Enquanto ele se entregava às duas melodias, sem saber, Irmã Joana, à porta, abria os olhos em total surpresa, a boca formando um “O” de espanto.
— Inacreditável! — murmurou ela.
— Nem consigo meditar; quando ele toca as seções de ataque e redução, meu corpo e minha energia vital reagem, sendo necessário recorrer à minha própria energia para me proteger.
Massageou o peito e balançou a cabeça:
— Ainda bem que não é uma harpa espiritual, pois não é uma arma de verdade; do contrário, eu estaria perdida!
Logo em seguida, escreveu apressadamente:
“Música antiga. Segundo dia na sala de força. Decifrou as partituras ocultas de Nascer do Sol e Lua Oculta. Sua energia é poderosa, comparável ao estágio médio do Cultivo do Espírito, talvez até superior, e já domina com destreza ataque e defesa musical...”
Ainda tomada pela emoção, lançou um encantamento de isolamento acústico e pegou uma placa de jade.
— Joana informa: Primavera, Verão, Outono, Inverno, Montanha e Água Corrente, Aloísio dominou em um dia. No segundo dia, decifrou as partituras de energia de Nascer do Sol e Lua Oculta, tocando-as com maestria, tendo já algum domínio sobre ataques musicais!
Enviou a mensagem.
Pouco depois, recebeu resposta:
— Vamos ver se ele consegue decifrar as próximas duas melodias; mantenha-me informada!
Se Aloísio ouvisse aquela voz, ficaria pasmo, pois vinha, sem dúvida, de Baltazar.
...
Envolto em entusiasmo, Aloísio teve uma ideia súbita: e se tocasse Nascer do Sol sem canalizar energia vital?
As notas límpidas ressoaram novamente!
Desta vez, o corpo não sofreu alterações, mas o som, claro e brilhante, era profundamente comovente; ao chegar à parte da Lua Oculta, o espírito se aquietava, tomado por uma sensação de serenidade e paz.
Ao terminar, percebeu que seu estado de espírito havia mudado.
— Excelente melodia! — Joana abriu os olhos e elogiou.
— Apesar de Nascer do Sol e Lua Oculta exigirem maturidade e experiência, Aloísio já imprimiu sua própria personalidade às obras.
Ela anotou novamente.
Ao conferir o tempo, percebeu que já era alta noite.
Meditando e ouvindo Aloísio tocar, Joana sentiu-se um pouco cansada. O pátio estava silencioso, banhado pelo luar; decidiu sair por um instante para descansar. Mas, para continuar ouvindo, desfez o encantamento de isolamento acústico.
...
Joana desfrutava daquele raro momento de tranquilidade.
Enquanto Aloísio tocava a seção mais tocante da Lua Oculta — a perseguição das nuvens à lua, seguida pelo seu ocultamento —, Joana teve uma súbita inspiração.
Observou a Estela do Rei da Força de pé à distância, assemelhando-se a uma figura solitária, tendo apenas a lua para lhe fazer companhia através da sombra projetada.
Inconscientemente, Joana olhou para sua própria sombra: elegante, repousava plácida atrás de si.
Joana estava no auge do Cultivo do Espírito, discípula do vice-diretor e instrutora da Sociedade dos Afinados.
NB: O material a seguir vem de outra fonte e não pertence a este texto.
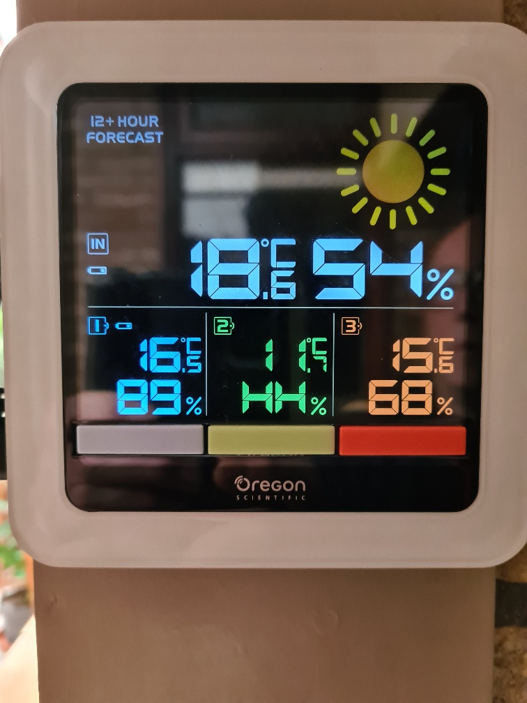 Buiten temp 16,5C , schuur op noord 11C, zolder 15C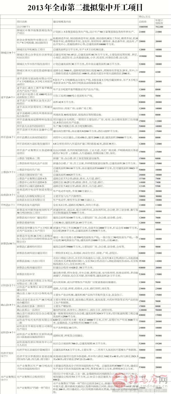 為進一步加大項目建設推進力度,市委、市政府決定抓住麥收后土地騰空的有利時機,全面推動一批億元以上重點項目于6月份集中開工建設。經各縣區認真對接、謀劃,擬定在6月份集中開工億元以上重點項目55個,總投資180.1億元,2013年計劃投資78.2億元,涉及裝備制造、輕紡、食品加工、商貿物流、基礎設施建設等領域。其中,億元以上工業項目27個,總投資67.1億元,年度計劃投資34億元。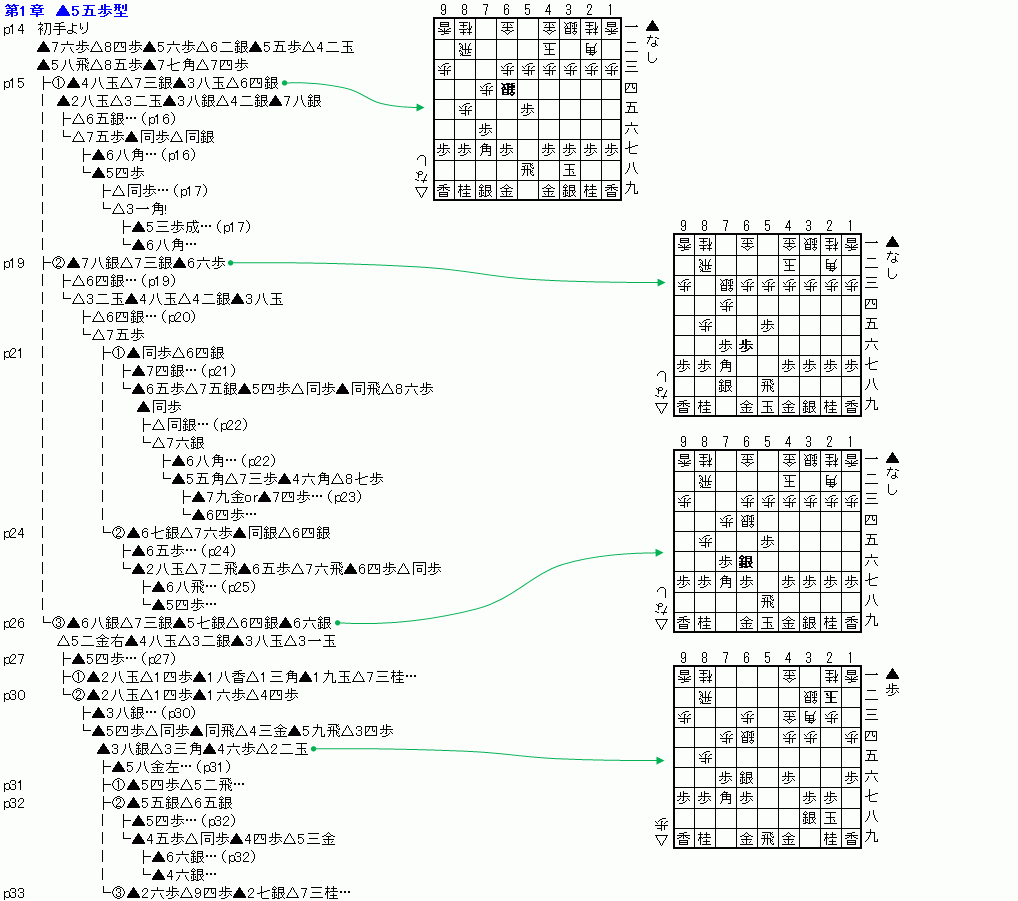 第1章は、「▲5五歩型」。 中飛車で5筋位取りができるならやってみたくなるが、それは本作戦の待ち受けるところ。 ・「超速▲3七銀」を後手番で応用する。角道を開けずに△4二玉のまま△7三銀と上がる。 ・仕掛けができそうなら、△3一玉型美濃囲いではなく、△4二銀型の舟囲いでもよい。 (※2019年2月現在の視点なら、elmo囲いとのミックスもありそうだ) ・▲6六銀型には急戦はできないので、△3一玉型左美濃にする。 ・先手が穴熊なら、△1三角の端角が有力。角のニラミで、先手は左金を囲いに引き付けることができない。 ・先手が美濃囲いなら、端角にはこだわらず、△4四歩から高美濃を目指す。 ![]() |

Contudo, já não era jovem; permanecia há anos no mesmo estágio, enquanto muitos de seus alunos a haviam superado.
Aloísio chegou à parte mais sublime da Lua Oculta: a perseguição das nuvens à lua, até seu desaparecimento.
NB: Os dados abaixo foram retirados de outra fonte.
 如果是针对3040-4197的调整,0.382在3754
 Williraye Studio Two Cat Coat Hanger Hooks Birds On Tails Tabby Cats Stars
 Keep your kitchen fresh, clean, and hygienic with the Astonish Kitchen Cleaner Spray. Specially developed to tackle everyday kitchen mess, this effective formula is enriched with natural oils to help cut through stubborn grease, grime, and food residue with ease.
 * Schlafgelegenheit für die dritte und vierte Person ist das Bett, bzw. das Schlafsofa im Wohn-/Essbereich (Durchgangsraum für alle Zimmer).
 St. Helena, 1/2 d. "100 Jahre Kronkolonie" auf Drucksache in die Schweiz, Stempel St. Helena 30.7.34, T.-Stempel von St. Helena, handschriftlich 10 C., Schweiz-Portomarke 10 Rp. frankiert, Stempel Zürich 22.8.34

Naquele momento, uma grande nuvem branca deslizou sobre a Estela do Rei da Força, aproximando-se lentamente da lua até cobri-la por completo; de repente, tudo ao redor mergulhou numa penumbra, a sombra da Estela desapareceu, assim como as sombras de construções e árvores. Joana e sua própria sombra, naquele instante, também sumiram.
Após algum tempo, quando a nuvem se afastou e a lua reapareceu, a sombra da Estela retornou ao chão, e Joana, subitamente, estava de volta ao mesmo lugar.
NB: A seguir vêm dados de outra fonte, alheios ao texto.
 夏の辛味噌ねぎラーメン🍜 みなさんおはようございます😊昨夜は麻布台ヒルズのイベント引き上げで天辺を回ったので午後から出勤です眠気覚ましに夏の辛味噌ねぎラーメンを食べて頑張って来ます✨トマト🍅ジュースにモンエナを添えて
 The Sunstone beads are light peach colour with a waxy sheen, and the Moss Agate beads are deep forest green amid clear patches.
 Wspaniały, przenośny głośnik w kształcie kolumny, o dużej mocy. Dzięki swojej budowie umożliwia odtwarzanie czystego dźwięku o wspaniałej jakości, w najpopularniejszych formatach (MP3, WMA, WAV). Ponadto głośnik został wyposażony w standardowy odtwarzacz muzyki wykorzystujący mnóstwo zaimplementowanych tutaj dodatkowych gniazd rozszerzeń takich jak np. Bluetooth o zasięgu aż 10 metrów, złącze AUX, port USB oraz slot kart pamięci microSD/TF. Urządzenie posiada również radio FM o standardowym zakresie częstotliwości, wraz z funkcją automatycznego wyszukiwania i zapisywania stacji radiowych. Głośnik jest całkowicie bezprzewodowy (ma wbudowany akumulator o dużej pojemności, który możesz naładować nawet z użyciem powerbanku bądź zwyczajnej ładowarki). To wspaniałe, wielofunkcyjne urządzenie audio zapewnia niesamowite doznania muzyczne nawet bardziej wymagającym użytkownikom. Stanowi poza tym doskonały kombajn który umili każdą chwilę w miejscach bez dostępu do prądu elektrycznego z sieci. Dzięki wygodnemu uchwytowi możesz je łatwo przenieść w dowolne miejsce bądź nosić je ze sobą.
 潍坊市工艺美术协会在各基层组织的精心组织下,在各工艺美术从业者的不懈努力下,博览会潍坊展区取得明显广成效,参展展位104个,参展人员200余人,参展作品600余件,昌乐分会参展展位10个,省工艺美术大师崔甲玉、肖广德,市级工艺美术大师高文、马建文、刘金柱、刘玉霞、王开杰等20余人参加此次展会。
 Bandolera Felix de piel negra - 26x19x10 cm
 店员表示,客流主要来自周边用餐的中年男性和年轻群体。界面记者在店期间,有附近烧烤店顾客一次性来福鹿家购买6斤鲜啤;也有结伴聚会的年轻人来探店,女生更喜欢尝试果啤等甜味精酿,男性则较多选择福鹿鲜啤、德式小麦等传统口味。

Na verdade, ela não havia sumido de fato; naquele breve instante, rompeu uma barreira. Movendo-se com tamanha velocidade durante o eclipse, percorreu todo o pátio, saltando entre arbustos e beirais, e, quando a lua voltou a brilhar, já estava de volta ao ponto inicial.
Seu semblante era de intensa emoção, e ela tremia levemente.
Controlando a respiração, voltou-se para o mar de sua consciência.
— Estou prestes a romper para o Fruto do Caminho! — murmurou, tapando de imediato a própria boca. Em seguida, seu corpo sumiu mais uma vez, tamanha era sua velocidade; até a sombra no chão se tornou indistinta, como uma melodia que se esvai e, pouco a pouco, se recompõe.
— Perseguindo o vento, caçando a lua! — exclamou Joana, num leve sussurro.